Use the following operations:

< pre># ceph pg repair 13.e1
instructing pg 13.e1 on osd.110 to repair

Check
At this time, you can see that 13.e1 has entered deep scrub

# ceph health detail
HEALTH_ERR 1 pgs in consistent; 1 pgs repair; 1 scrub errors; noout flag(s) set
pg 13.e1 is active+clean+scrubbing+deep+inconsistent+repair, acting [110,55,21]
1 scrub errors
noout flag(s) set

After waiting for a period of time, you can see that the error disappears, and pg13.e1 also returns to the active+clean state

# ceph health detail
HEALTH_WARN noout flag(s) set
noout flag(s) set

Cause of the problem
ceph will check pg regularly. Inconsistent does not mean it must be There is a data inconsistency. This is just because the data and the check code are inconsistent. When the repair is confirmed, ceph will perform a deep scrub to determine whether the data is inconsistent.

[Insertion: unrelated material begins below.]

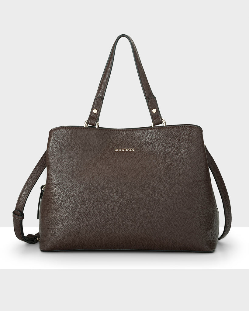 Add a touch of natural warmth and sophistication to your ensemble with a beautiful brown bag from Madison Accessories. Our carefully curated collection features a variety of styles (all made from luxurious brown vegan leather), ensuring there's a perfect match for every outfit.
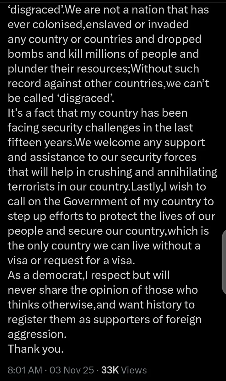 This came after the United State President called Nigeria a disgraced country and threatened to kill Islamic terrorists if the killing of Christians doesn’t stop.

If the deep scrub passes, then there is no data problem, only You need to correct the calibration.

request blocked for XXs
Locate the osd whose request is blocked
ceph health detail | grep blocked

Then reduce the primary affinity of the above osd , You can divert part of the pg out. The pressure will be smaller. The previous value can be viewed through the ceph osd tree
ceph osd primary-affinity OSD_ID is lower than the previous value

Main It is still due to the imbalance of the cluster that some OSDs are under excessive pressure. Requests cannot be processed in time. 1. If it occurs frequently, it is recommended to investigate the reasons: 2. If it is because the client IO demand increases, then try to optimize the client to reduce unnecessary Read and write. 3. If it is because part of the osd has been unable to process the request, it is recommended to temporarily reduce the primary affinity of the osd. And keep paying attention, because this may be a precursor to a disk failure. 4. If this occurs in the osd on a journal ssd Problem, it is recommended to check whether the journal ssd has a write bottleneck, or whether it is faulty.

Leave a Comment

Your email address will not be published.